Mais comme ici je n'ai pas d'argent en jeu, je me décide à deviner lequel pourrait l'emporter. Les sept chevaux ne sont pas différenciés par des numéros, mais par une couleur, différente pour chacun. Sans aucune hésitation, je choisis de miser sur le bleu.

Monsieur Cardot commence à nous distribuer une activité à réaliser, lorsque qu'un coup de feu annonce le début de la course. Très vite, le cheval vert ainsi que le bleu distancent les cinq autres, mais c'est sans compter le jaune qui s'approche d'eux de plus en plus. La cour de récréation me paraît tout de même petite pour une course de chevaux, elle risque de se passer très vite.

Rapidement, les participants en tête ralentissent, épuisés. C'est alors que le cheval rouge dépasse le jaune, puis le vert. Rien n'est perdu pour mon favori, toujours devant les autres.
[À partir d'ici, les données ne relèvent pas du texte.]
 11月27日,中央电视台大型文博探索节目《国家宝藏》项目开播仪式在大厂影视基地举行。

Cependant il faiblit beaucoup plus vite. L'écart entre lui et le rouge se rétrécit à une vitesse prodigieuse. Le cheval vert revient à la charge... Le rouge ralentit un court instant, mais parvient à puiser suffisamment de force pour accélérer de nouveau. Courage, cheval bleu ! Tu peux y arriver !
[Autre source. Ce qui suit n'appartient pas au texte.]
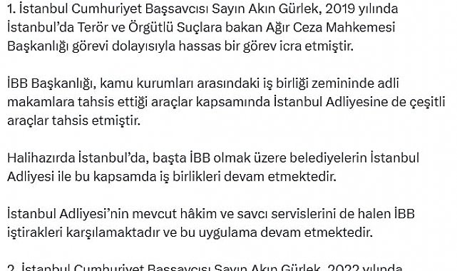 İLETİŞİM Başkanlığı Dezenformasyonla Mücadele Merkezi (DMM) tarafından, CHP Genel Başkanı Özgür Özel'in İstanbul Cumhuriyet Başsavcısı Akın Gürlek hakkındaki iddialarıyla ilgili açıklama yapıldı.İletişim Başkanlığı açıklamasında, "CHP Genel Başkanı Özgür Özel'in İstanbul Cumhuriyet Başsavcılığı'nı hedef alması, soruşturmaları ve soruşturma yapan makamları itibarsızlaştırmaya yönelik süregelen bir çabanın ürünüdür. Sayın Özel'in yaptığı açıklamalar, hiçbir şekilde gerçeği yansıtmamaktadır; bilakis Sayın Özel'in eksik, yanlış ve yanlı bilgilendirildiğini göstermektedir" denildi.Özgür Özel'in İstanbul Cumhuriyet Başsavcısı Akın Gürlek hakkında gündeme getirdiği iddialarla ilgili şöyle denildi:"1. İstanbul Cumhuriyet Başsavcısı Sayın Akın Gürlek, 2019 yılında İstanbul'da terör ve örgütlü suçlara bakan Ağır Ceza Mahkemesi Başkanlığı görevi dolayısıyla hassas bir görev icra etmiştir. İBB Başkanlığı, kamu kurumları arasındaki iş birliği zemininde adli makamlara tahsis ettiği araçlar kapsamında İstanbul Adliyesine de çeşitli araçlar tahsis etmiştir. Halihazırda İstanbul'da, başta İBB olmak üzere belediyelerin İstanbul Adliyesi ile bu kapsamda iş birlikleri devam etmektedir. İstanbul Adliyesi'nin mevcut hâkim ve savcı servislerini de halen İBB iştirakleri karşılamaktadır ve bu uygulama devam etmektedir. 2. İstanbul Cumhuriyet Başsavcısı Sayın Akın Gürlek, 2022 yılında Ulaştırma ve Altyapı Bakan Yardımcısıyla birlikte bir yatçılık fuarının açılışına Adalet Bakan Yardımcısı olarak katılmıştır. Sayın Gürlek'in idari bir makamda iken ilgili yat fuarına gerçekleştirdiği ziyaret nezaket gereğidir ve kamunun yerli üretime manevi desteği bağlamında gerçekleştirilmiştir. Sayın Gürlek'in tamamen kamu görevi dolayısıyla davet edildiği bir programa iştirak etmesini Sayın Özel'in istismar etmesi açık bir manipülasyondur.3. Yine ana muhalefet liderinin, İstanbul'da bütün izinleri alınmak suretiyle usulüne uygun olarak yapılan Adalet Bakanlığı lojmanını istismar etmesi sorumsuz bir tutumdur. Başsavcılık makamına tahsis edilmiş bir lojmanın, halihazırda başsavcılık görevinde bulunan bir kişiye özel bir tahsismiş gibi gösterilmesi manipülatif bir yaklaşımdır. Söz konusu lojman, diğer kamu kurum ve kuruluşlarına tahsis edilen lojmanlara benzer şekilde gayrişahsi bir mülk olarak kamu hizmetinde kullanılmaktadır."

La ligne d'arrivée est toute proche... Et je vois le premier cheval à la traverser : le rouge. Le vert arrive deuxième, suivit du bleu. Puis, c'est au tour du violet, qui venait tout juste de dépasser le jaune. Je suis déçue d'avoir perdu... Mais bon, le bleu est tout de même sur le podium. Le vert est deuxième : Midori doit être ravie ! Soudain, Théo m'extirpe de ma rêverie :

— T'as répondu à aucune question, Léa... On peut le faire à deux si tu veux que je t'aide. Le prof nous a dit qu'on pouvait travailler en binôme.

Il parle de l'activité que le professeur nous a distribuée. Mince ! J'étais tant absorbée par la course que j'en ai oublié de la réaliser.

— Non t'inquiète pas, j'avais juste la tête ailleurs. Je vais y arriver toute seule.

Il acquiesce et se concentre à nouveau sur sa feuille. J'ai tant l'habitude de tout faire toute seule que je lui ai répondu sans même réfléchir. J'espère au moins qu'il ne m'en veut pas trop...

Je le regarde discrètement. Il continue son activité d'Histoire, sans que je puisse déceler quoi que ce soit sur son visage. Alors, je me retourne vers ma propre fiche et commence à répondre aux questions. Je suis tout de même déçue de ne pas le faire avec lui.